"Bezsenność": DOBÓR OBSADY
Reżyser i producenci filmu zdawali sobie sprawę, że najważniejsze będzie obsadzenie głównej roli, postaci Willa Dormera, doświadczonego detektywa z Los Angeles. Było jasne od początku, że najlepszy byłby Al Pacino - mówi Christopher Nolan. - W „Serpico”, „Sea of Love” czy „Gorączce” stworzył zupełnie wyjątkowe postacie o bardzo określonym charakterze, który stał się rodzajem jego znaku rozpoznawczego, czytelnego dla widzów. Bardzo chcieliśmy to wykorzystać.
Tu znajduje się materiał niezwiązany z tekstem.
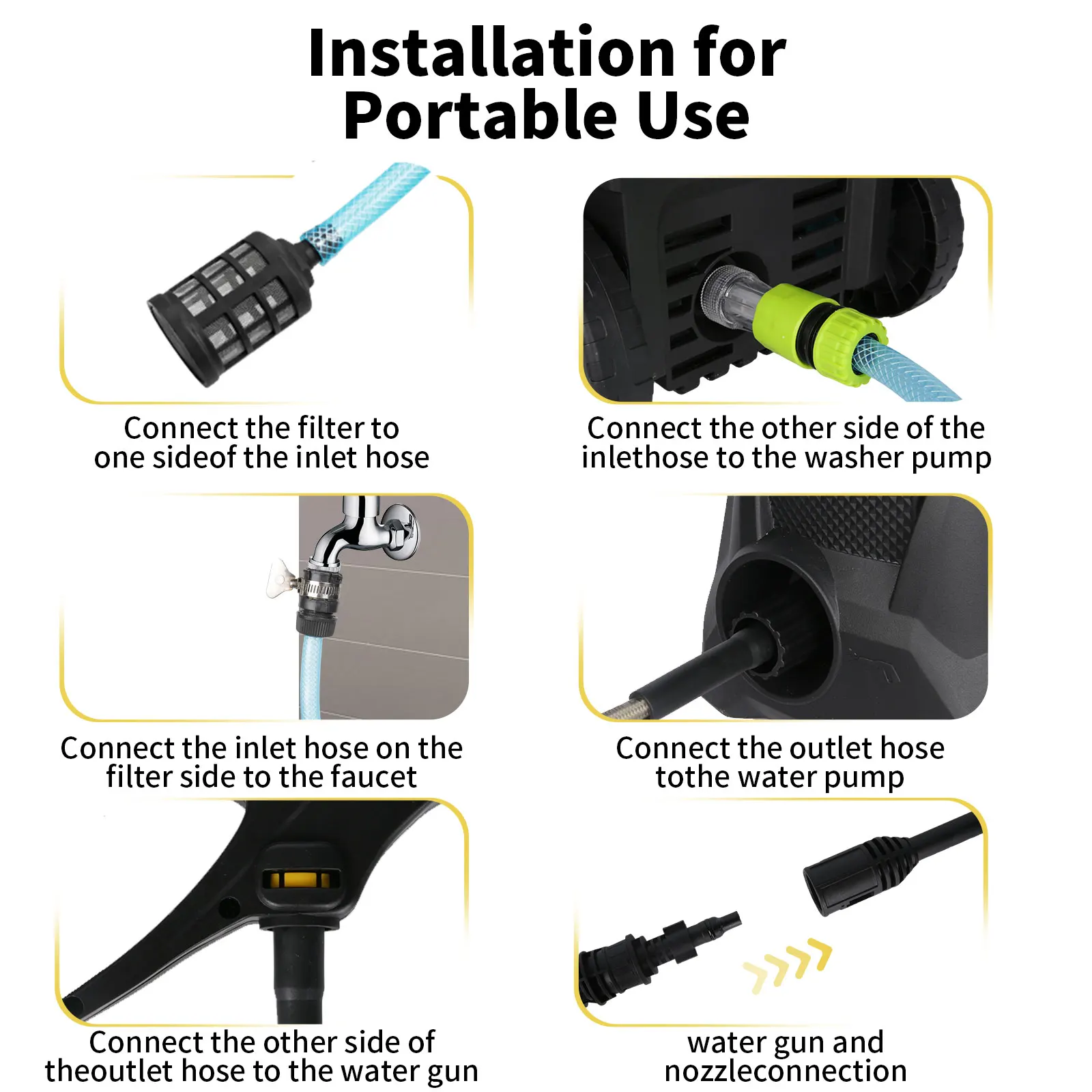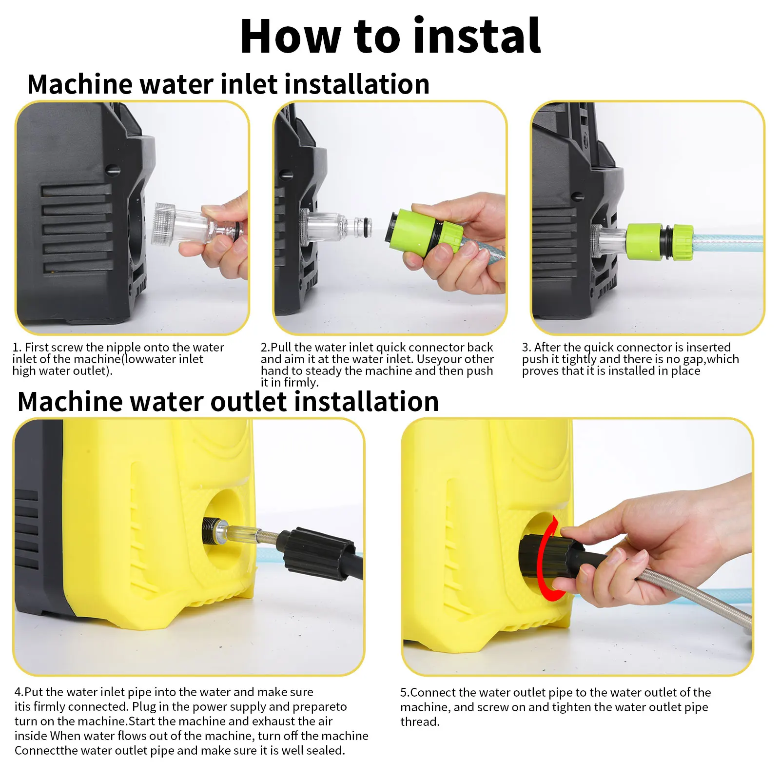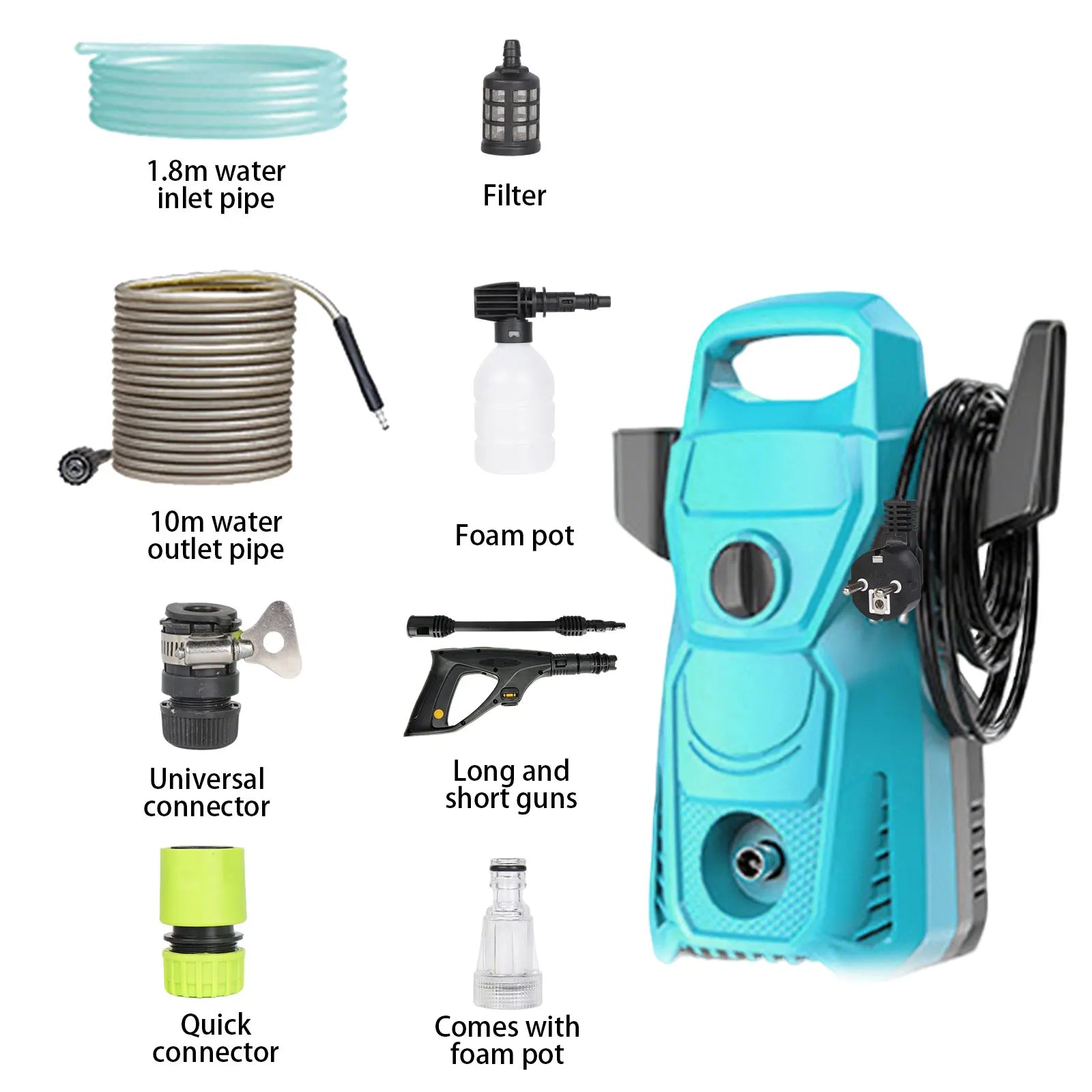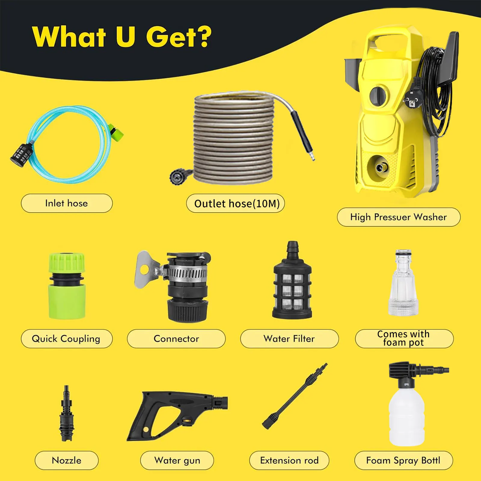 Package Includes 1 × Main Unit 1 × 1.8m Water Inlet Pipe 1 × Filter 1 × 10m Outlet Pipe 1 × Spray Gun 1 × Extension Rod 1 × Short Rotary Nozzle 1 × Foam Pot 1 × Quick Connector 1 × Faucet Quick Connector
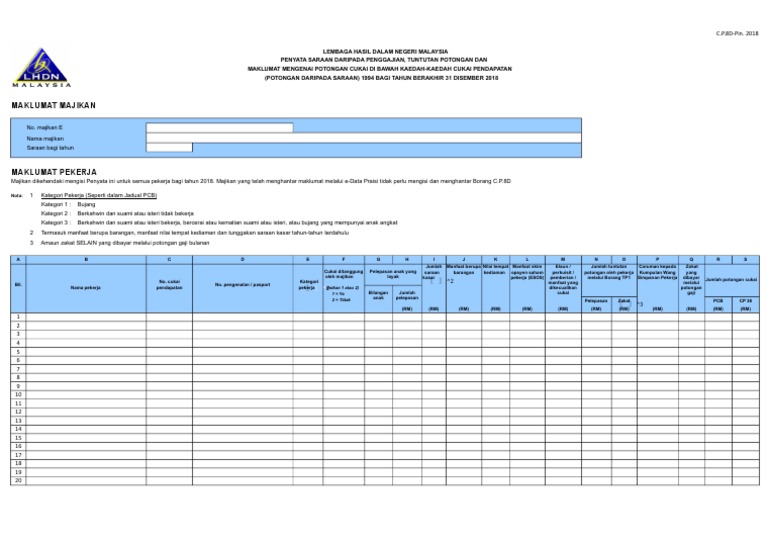 Hak Cipta Terpelihara 2018 Lembaga Hasil Dalam Negeri Malaysia Hak Cipta Terpelihara 2018 Lembaga Hasil Dalam Negeri Malaysia. Details for ALL employees remuneration matters to be included in the CP8D 2019 CP8D has 18 columns to be filled up per employee basis which requires extensive information and the coverage of all ranges of remuneration ie. Etc Who Needs To File Form E.

Al jest bardzo znany z ról policjantów, którzy tropią swoje ofiary na ulicach wielkich miast. To, jeśli tak można powiedzieć, „wielkomiejski” gliniarz - mówi producent Andrew A. Kosove. - W naszym filmie widzowie zobaczą go w zupełnie innym miejscu - na dzikim pustkowiu, gdzie prawie nie ma żywej duszy. **Nigdy nie grałem takiej postaci - podkreśla Al Pacino. - Will Dormer jest romantykiem. To zupełnie inny bohater od tych, które odtwarzałem do tej pory. Każdy z nich był inny, tak jak każdy policjant jest innym człowiekiem, ale wydaje mi się, że wszystkich - Franka Serpico i Vincenta Hanna - łączy jedno: są wyróżniającymi się indywidualistami.
Mówi Christopher Nolan: Bardzo szybko zdałem sobie sprawę, że obaj - ja i Al - mamy niemal taki sam pomysł na tę postać, że obaj chcielibyśmy skupić się na przemianie, jaką przechodzi w całej historii główny bohater. Will Dormer to niezwykle złożona postać - wymaga aktora, który będzie w stanie wnieść pewien rodzaj „moralnej” inteligencji, tak zasadniczej dla całej historii.**Al Pacino chwali reżysera za konsekwencję i zdecydowanie. Od czasu naszej pierwszej rozmowy z Chrisem poczułem się, by tak rzec, bardzo „wygodnie”. Miałem absolutną jasność, że Chris doskonale wie, co i jak chce zrobić. Jednocześnie zdałem sobie sprawę, że potrafi słuchać i jest otwarty na propozycje. W ten sposób rodzi się zaufanie, które w trakcie zdjęć jest bardzo ważne i dla mnie było ogromnym wsparciem.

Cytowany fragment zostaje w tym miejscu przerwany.